Thinking about college: think also about career

By College Advice

College counseling has become an increasing part of our work at The Learning Consultants.  We have several excellent counselors based along the Shoreline of CT and into Fairfield County.  And a bigger part of my specific work has been career counseling in the context of college counseling.

Since my own career change is part of the reason, I started our subsidiary,  Career Counseling Connecticut, I’ll relay my story:

When I am asked which book had the greatest career impact for me, I give what others think is a surprising answer: Man’s Search For Meaning by Victor Frankl.  Frankl’s true account of his days in a Nazi concentration account presents one of the most compelling demonstrations of the philosophical truth that our lives really are what we think about our lives, more than external circumstance,  Buddhists, Stoic philosophers, cognitive behavioral therapists, and others have come to similar conclusions.  But Frankl was put to the test and he wrote: “between stimulus and response, there is freedom to choose” to capture the notion that we can process our thoughts differently.  Those who survived the camps suffered mightily but clung on to a glimmer of hope that all stemmed from the same view that life has meaning.  For each, the meaning might have been different with family being the most significant reason.
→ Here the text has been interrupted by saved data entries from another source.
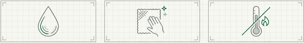 - 水洗い:使用後は中性洗剤を薄めた液か真水で表面の汚れを洗い流し、柔らかい布で水分を拭き取る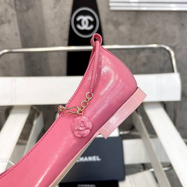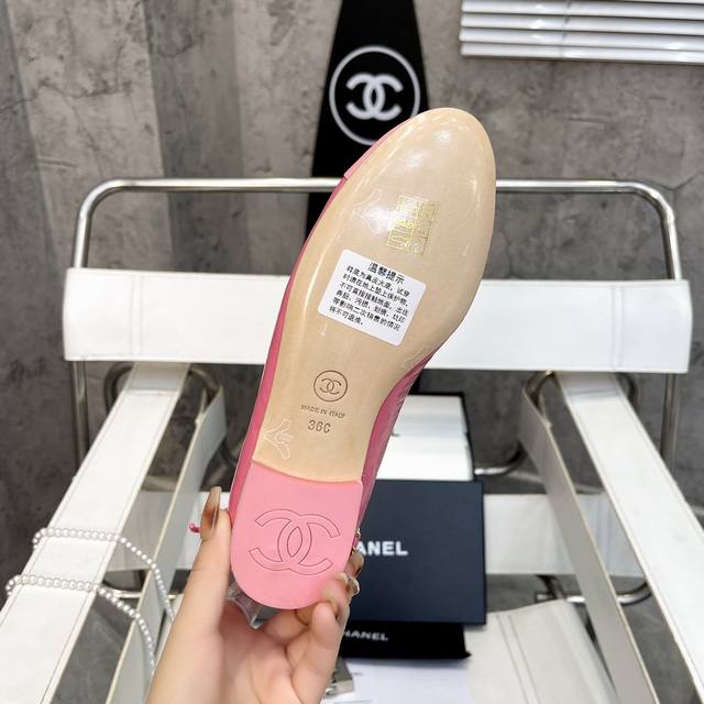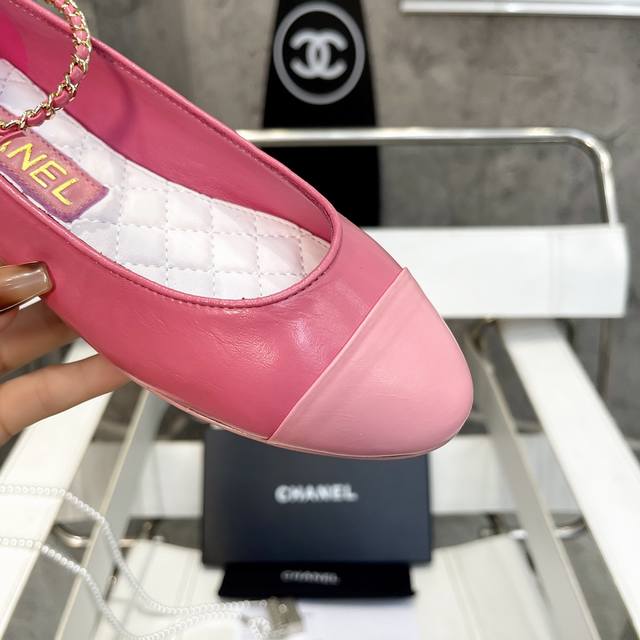 / 小香爆款春夏链条珍珠脚环玛丽珍芭蕾舞单鞋走秀款 原版一比一开模五金扣工能设计,穿皮条脚环装饰可自行装卸链条穿皮条工艺,小香双C和山茶花金属扣装饰点缀,超美芭蕾舞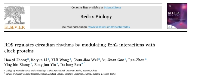 本网讯 近日,我校动物科技学院任大龙、殷宗俊教授课题组在生物学领域权威期刊《Redox Biology》(影响因子11.4,中科院一区TOP期刊)发表题为“ROS regulates circadian rhythms by modulating Ezh2 interactions with clock proteins”的研究论文。该研究首次揭示了氧化应激通过修饰EZH2和钟蛋白相互作用调控生物节律的新机制,为相关疾病的干预治疗提供了重要理论依据。

While I was never one to simply let life take me in any direction, I did find myself feeling trapped when I was practicing law.  Having told people since the age of 10 that I was going to be an attorney – a thought (stimulus) planted in my brain from my mother and then cultivated through both public approval from adults and rational evidence from school and my interests – and then having spent more than a decade in law school and law jobs, my response was the very natural one: stay as a lawyer.
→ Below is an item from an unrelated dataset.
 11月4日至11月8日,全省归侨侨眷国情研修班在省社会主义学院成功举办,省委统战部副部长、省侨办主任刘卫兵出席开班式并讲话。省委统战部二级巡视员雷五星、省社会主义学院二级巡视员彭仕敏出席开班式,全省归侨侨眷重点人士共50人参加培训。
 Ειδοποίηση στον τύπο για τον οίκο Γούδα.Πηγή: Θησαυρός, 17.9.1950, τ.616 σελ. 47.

But the better part of me knew I had freedom to choose.  In addition, Frankl’s other dominant focus was on meaning.  Very clearly, those who served others had greater purposefulness in their lives. The most authentic reason I had for becoming an attorney was that I wanted to make a positive difference in the lives of others.  When I was in public service, I thought I was but in private practice, not so much.  The thought that I could make a difference through education-counseling was the “calling for meaning” that led me to finally make my break.